Each input shape must land in exactly one of three buckets:
- accept as a definite supported source
- accept as an explicit provider-owned candidate
- reject as unsupported
This means the classifier should prefer a small allowlist of accepted shapes over an expanding catalog of bespoke rejection rules.
Negative rules are still allowed when needed to protect a known false-positive family, but they are defensive exceptions, not the main design strategy.
Classification must do
- identify definite GitHub, GitLab, SourceForge, direct URL, and file inputs
- accept only explicitly enumerated concrete shapes or explicitly enumerated candidate shapes
- preserve canonical locator hints when they are certain
- preserve enough raw path context for later provider-specific disambiguation
- continue classifying concrete artifact URLs as
DirectUrlwhen the classifier can say so confidently
Classification must not do
- grow by accumulating one-off rejection rules for every unsupported provider page family
- guess whether a GitLab deep path is a subgroup path or a resource page when the path shape is ambiguous
- guess whether a SourceForge nested
files/.../downloadpath is a file or folder endpoint when the path shape is ambiguous - perform provider-specific network discovery
Resolver layer must do
- own final interpretation of ambiguous provider-hosted inputs
- return structured outcomes through the adapter contract
- keep
UnsupportedSourcereserved for sources the adapter genuinely does not own - use
NoInstallableArtifactfor provider-owned inputs that are valid but not installable under current scope
Proposed Source Model Adjustment
Introduce an explicit handoff shape for ambiguous provider-owned inputs.
The minimal acceptable form is:
- preserve the original locator
- preserve provider ownership
- preserve any canonical parts that are certain
- add a signal that provider resolution is still required before install semantics are known
This can be modeled either as:
- a dedicated ambiguity marker on
SourceRef - additional normalized kinds representing provider-owned unresolved candidates
The preferred direction is additional normalized kinds, because they keep the ambiguity visible in tests and logs without adding a free-form boolean that can drift.
Illustrative shapes:
NormalizedSourceKind::GitLabCandidateNormalizedSourceKind::SourceForgeCandidate
The exact enum names are secondary. The important part is making unresolved provider ownership explicit.
Provider Responsibilities
GitLab
GitLab adapter logic should decide whether a GitLab-owned ambiguous input is:
- a valid repository locator
- a release-like source with concrete version semantics
- a provider-owned but non-installable resource page
- unsupported because it does not fit the adapter's supported contract
Initial scope should stay narrow:
- keep current definite repository and release-like support
- add only one or two ambiguous deep-path cases as a first expansion slice
- do not try to solve every GitLab resource URL family at once
SourceForge
SourceForge adapter logic should decide whether a SourceForge-owned ambiguous input is:
- a concrete latest-download install source
- a concrete direct artifact URL
- a provider-owned project or folder view with no installable artifact
- unsupported for current source scope
Initial scope should stay narrow:
- keep bare project URLs as provider-owned and non-installable
- keep
files/latest/downloadas the first concrete repository-backed install source - add exactly one nested
files/.../downloadambiguity case to the adapter decision path
Testing Strategy
The blocker should be resolved by shifting assertions to the right layer.
Classification tests
Update query_resolution coverage so ambiguous cases assert provider ownership and handoff state instead of asserting final install semantics.
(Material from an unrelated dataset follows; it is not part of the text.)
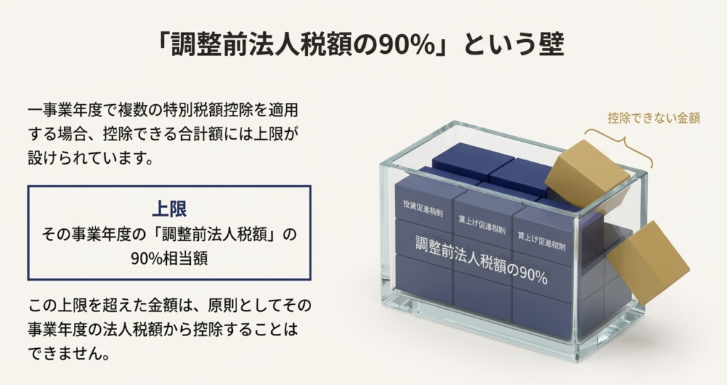 しかし、これらの有益な制度を複数同時に適用しようとする際、実務担当者が直面しがちな「落とし穴」が存在します。それは、控除できる税額の合計には「その事業年度の調整前法人税額の90%」という上限、通称「90%上限ルール」が設けられているという事実です。この上限を超えた金額は、原則としてその事業年度では控除できず、切り捨てられてしまいます。このルールを知らずに税額控除を計画すると、想定していた節税効果が得られないばかりか、本来活用できたはずの控除額を失ってしまうことにもなりかねません。

Coverage should be organized around accepted-shape allowlists:
- accepted concrete shapes
- accepted candidate shapes
- a small number of representative false-positive guards
Examples:
- a concrete SourceForge artifact download still classifies as
DirectUrl - a definite GitLab repository form still classifies as
GitLab - an ambiguous GitLab deep path becomes a GitLab-owned candidate, not
Unsupported - an ambiguous SourceForge nested download path becomes a SourceForge-owned candidate, not prematurely direct or unsupported
Adapter contract tests
Add tests that assert adapters make the final decision for ambiguous handoff inputs.
Examples:
- GitLab candidate path resolves to supported repository semantics
- GitLab candidate path resolves to
NoInstallableArtifact - SourceForge candidate path resolves to
Resolved - SourceForge candidate path resolves to
NoInstallableArtifact
Install and failure tests
Keep install-flow tests focused on supported concrete outcomes.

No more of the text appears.